For more than twenty years, clinical researchers have been publishing data regarding incidence and risk of adverse events (AEs) incurred during hospitalizations. Hospitals have standard operating policies and procedures (SOPP) to protect patients from AE. The AE specifics (rates, SOPP failures, timing and risk factors) during heart failure (HF) hospitalizations are unknown. There were 1,722 patients discharged with a primary diagnosis of HF from an academic hospital between January 2005 and December 2007. Three hundred eighty-one patients experienced 566 AEs, classified into four categories: medication (43.9%), infection (18.9%), patient care (26.3%), or procedural (10.9%).

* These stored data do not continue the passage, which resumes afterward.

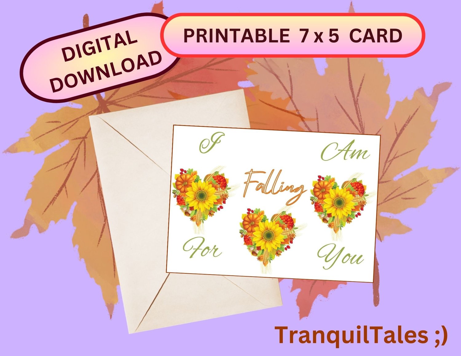 I AM FALLING FOR YOU CARD - 7" x 5" - PDF FILE - AUTUMN & FALL - THANKSGIVING SEASON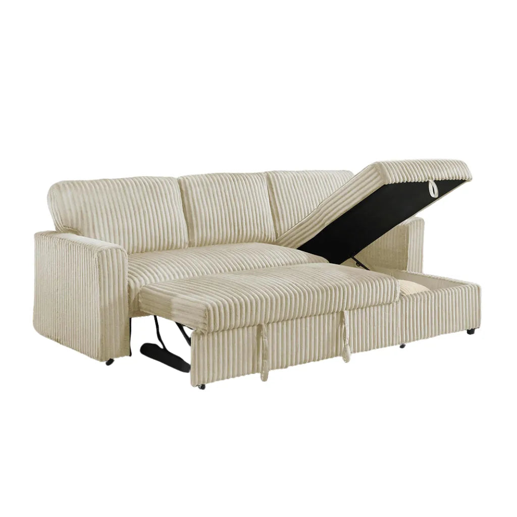 The clever reversible chaise can be positioned left or right to fit your layout perfectly. Inside, a generous lift-up storage bench swallows blankets, pillows, or clutter in seconds, keeping your living space tidy and chic.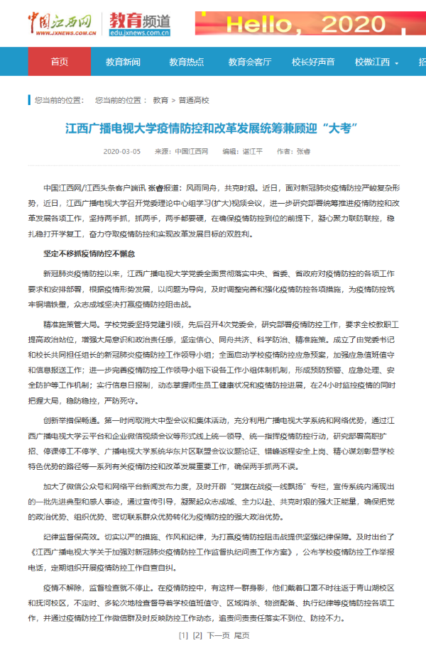 编者按:当前,全国新型冠状病毒感染肺炎疫情形势依然严峻复杂,防控正处在最吃劲的关键阶段,江西广播电视大学严格贯彻落实上级有关要求,结合学校实际情况,统筹推进疫情防控和改革发展各项工作,努力为广大师生营造和谐稳定的校园环境。我校系列有力防控举措引发了各界媒体的广泛关注,3月5日,中国江西网刊载文章《江西广播电视大学疫情防控和改革发展统筹兼顾迎“大考”》,全文如下: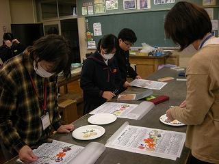 工作クラブでは、押し花アートの葛葉先生にご指導いただき、押し花作品を作っていました。校長室にも葛葉さんのすてきな作品を飾っていただきました。葛葉さん、いつもありがとうございます。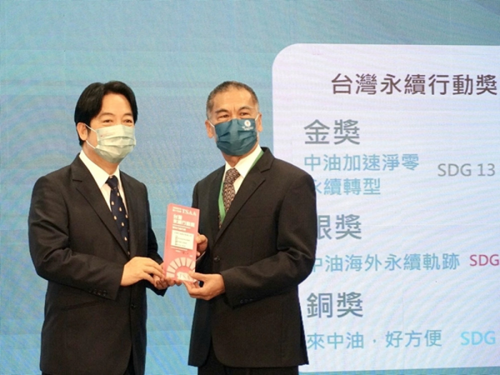 2022 TSAA台灣永續行動獎12日揭曉獲獎名單,台灣中油公司一舉奪得金、銀、銅三座大獎殊榮,展現國營事業永續發展的最佳模範,員工也共享榮耀;活動由董事長李順欽親自出席接受副總統賴清德表揚。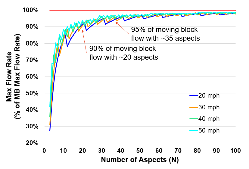 Figure 4 illustrates how flow and density are affected by increasing the number of signal blocks. Each color on the graph corresponds to different number of virtual blocks or aspects. The peak continues to increase (higher flow and higher density) with the addition of signal blocks until it behaves exactly as a moving block system, Dick said. This is represented by the pink arc.

Three distinct analyses were performed: 1) patient's perspective of SOPP reliability including cumulative distribution and hazard functions of time to AEs; 2) Cox proportional hazards model to determine independent patient-specific risk factors for AEs; and 3) hospital administration's perspective of SOPP reliability through three years of the study including cumulative distribution and hazard functions of time between AEs and moving range statistical process control (SPC) charts for days between failures of each type. This is the first study, to our knowledge, to consider reliability of SOPP from both the patient's and hospital administration's perspective. AE rates in hospitalized patients are similar to other recently published reports and did not improve during the study period. Operations research methodologies will be necessary to improve reliability of care delivered to hospitalized patients.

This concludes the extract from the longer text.